PROBLEM TO SOLVE:
Please write out the lines of the data exactly, beginning with the first and ending with the line containing "如下圖步驟,選擇版本,下載S"; leave the pictures behind.

RECORDED DATA:
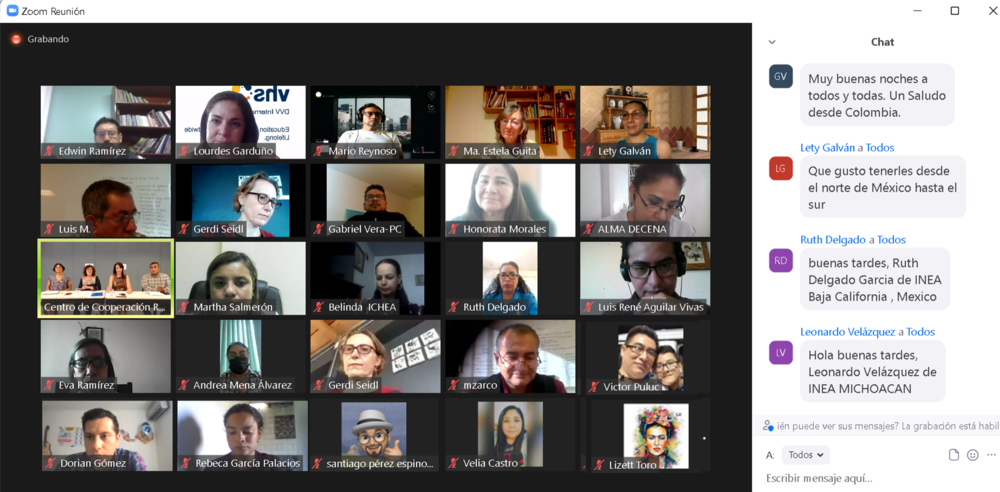 De manera virtual, inauguramos la primera edición del diplomado ‘Recursos digitales para la práctica educativa en EPJA’, un proyecto conjunto entre DVV International y CREFAL que beneficiará a 120 personas en México, Guatemala, Cuba, Chile, Bolivia, Colombia, Ecuador, Perú y Venezuela.
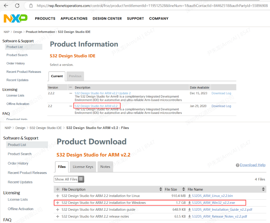 如下圖步驟,選擇版本,下載S32DS_ARM_Win32_v2.2.exe程序。
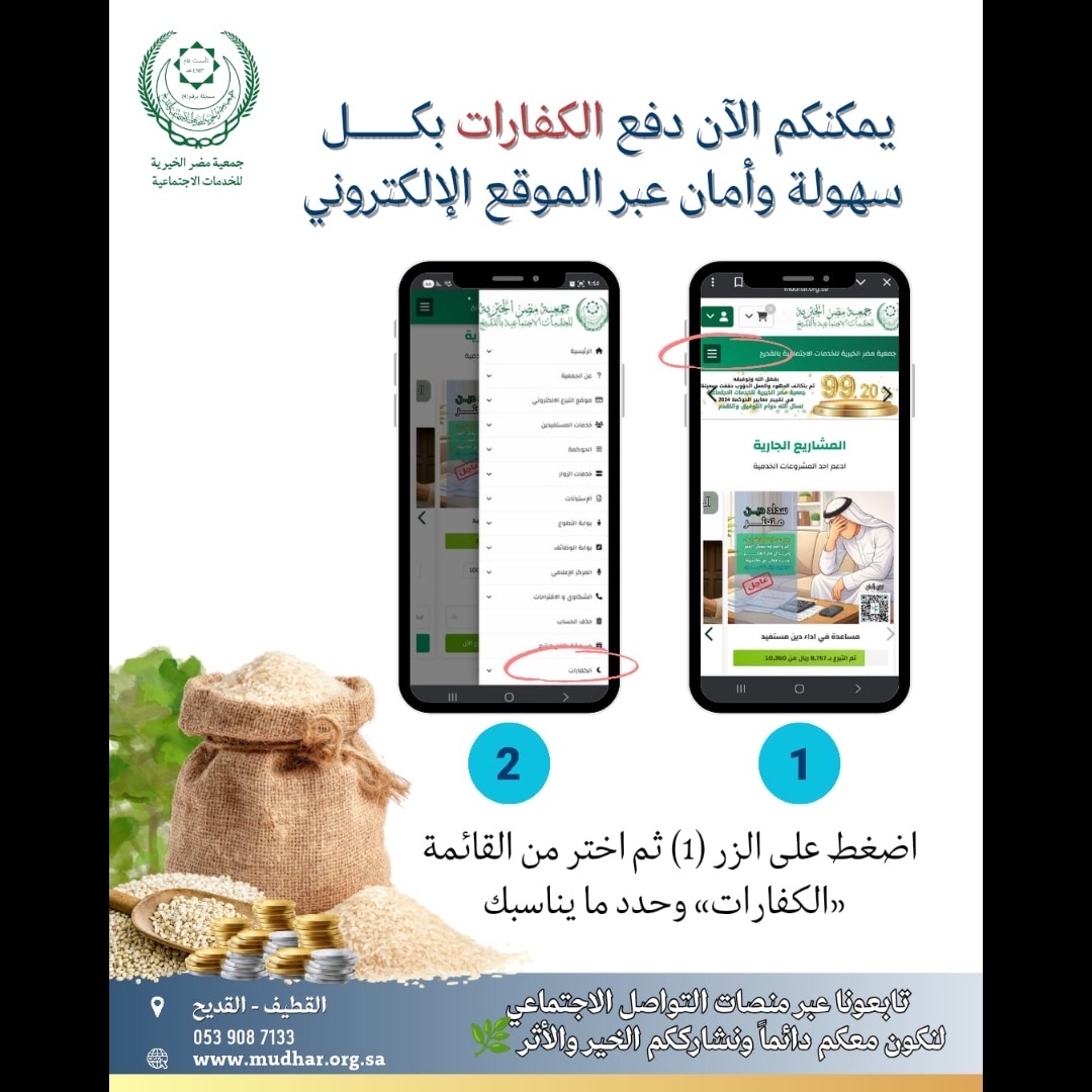 أطلقت جمعية مضر الخيرية مشروعاً إلكترونياً متكاملاً لدفع الكفارات والفدية عبر موقعها الرسمي، بهدف تيسير أداء الواجبات الشرعية، وتوفير منصة رقمية موثوقة تضمن إيصال المساعدات للأسر المتعففة بدقة.

RESPONSE TO THIS EXERCISE:
 De manera virtual, inauguramos la primera edición del diplomado ‘Recursos digitales para la práctica educativa en EPJA’, un proyecto conjunto entre DVV International y CREFAL que beneficiará a 120 personas en México, Guatemala, Cuba, Chile, Bolivia, Colombia, Ecuador, Perú y Venezuela.
 如下圖步驟,選擇版本,下載S32DS_ARM_Win32_v2.2.exe程序。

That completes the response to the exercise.